L’explosion des plus de 65 ans sera défavorable aux marchés d’actions. Les marchés obligataires devraient, en revanche, profiter de l’accroissement des 55-64 ans.
L’appétit pour le risque est inversement proportionnel à l’âge des investisseurs. L’explosion des plus de 65 ans dans de nombreux pays industrialisés aura donc un impact particulièrement négatif pour les actifs risqués, notamment les actions, car plus les investisseurs approchent de la retraite, plus la prise de risque est limitée. C’est en tout cas le fil conducteur de l’étude sur l’impact de la démographie sur les marchés financiers réalisée par Jean-Marc Buchalet et Pierre Sabatier, les cofondateurs du cabinet de recherche économiques et financière Primeview*. « Outre l’impact sur nos modèles économiques, sociaux voire politiques, les transformations démographiques à venir dans les prochaines décennies vont substantiellement changer la donne en ce qui concerne les prix des actifs via deux leviers?: les implications sur la demande et l’offre d’actifs au regard de la dynamique d’épargne des ménages, mais aussi une modification significative des comportements vis-à-vis de la prise de risque, conséquence du vieillissement généralisé des populations », expliquent les auteurs de l’étude. Tout comme les comportements consuméristes des ménages, ils soulignent en effet que l’attrait pour telle ou telle classe d’actifs varie selon l’âge des ménages, en fonction de deux facteurs principaux?: le niveau d’épargne disponible bien sûr, mais aussi le degré d’aversion pour le risque.

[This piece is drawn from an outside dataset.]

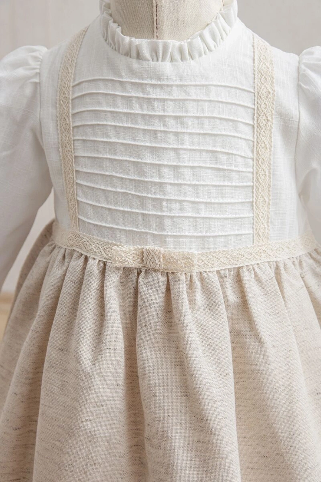 Pudra ve Bej rengin zarifliğiyle tasarlanan bu kız bebek elbisesi, modern çizgileri ve şık detaylarıyla dikkat çekiyor.

Les 45-54 ans?: l’âge d’or pour les actions
Pour les auteurs de cette étude, les marchés boursiers se comportent généralement le mieux, hormis bien évidemment éléments conjoncturels pénalisants, lorsque la tranche d’âge des 45-54 ans est numériquement la plus élevée et inversement. « C’est clairement la tranche d’âge la plus favorable sur le plan économique et des actifs risqués, font-ils valoir. Elle gagne plus, consomme plus et n’affiche qu’une faible aversion pour le risque. Elle porte ainsi avec elle la croissance du PIB vers son apogée, soutenue par les dépenses des ménages qui atteignent leur nirvana. En gonflant les chiffres d’affaires, les entreprises se portent de mieux en mieux, affichant des taux de marge de plus en plus impressionnants. Ajoutées à cela une aversion au risque toujours relativement faible et la disparition progressive du besoin immobilier, le premier achat immobilier se faisant autour de 31 ans, et le second autour de 41 ans, toutes les conditions semblent réunies pour que les actifs risqués en profitent, au premier lieu desquels les actions. » L’avenir devrait ainsi être particulièrement défavorable pour les marchés d’actions, notamment américains. « La classe d’âge des 45-54 ans atteint actuellement un sommet outre-Atlantique et dans une moindre mesure en Europe, soulignent les auteurs de l’étude. Le Japon, véritable laboratoire en ce qui concerne l’impact des modifications démographiques sur l’allocation d’actifs, nous donne une idée de la trajectoire que pourraient emprunter les marchés actions dans un horizon de long terme, et confirme notre scénario de « Bear Market »** en forme de tôle ondulée pour les bourses occidentales. »
Perspectives favorables pour l’obligataire
Le vieillissement de la population a également des effets sur les marchés obligataires et les taux d’intérêt, qui sont en moyenne d’autant plus bas que la classe d’âge des 55-64 ans est nombreuse. « L’âge de la retraite se rapprochant, l’aversion pour le risque pousse en général les ménages à arbitrer progressivement vers des actifs à plus grande visibilité, comme les actifs à revenus fixes que sont les obligations d’Etat », expliquent les auteurs. Or, une demande élevée pour les obligations pousse les prix de ces actifs à la hausse et leur rémunération – les taux d’intérêt – à la baisse. La forte hausse à venir des 55 à 64 ans aux Etats-Unis et en Europe, tranche de population particulièrement friande d’actifs obligataires, devrait donc favoriser, selon l’étude, les obligations d’Etat dans un horizon de 10 ans. « En conséquence, les taux d’intérêt devraient rester structurellement bas dans ces deux zones à moyen et long terme, même si des tensions ponctuelles ne sont pas à exclure », précisent-ils.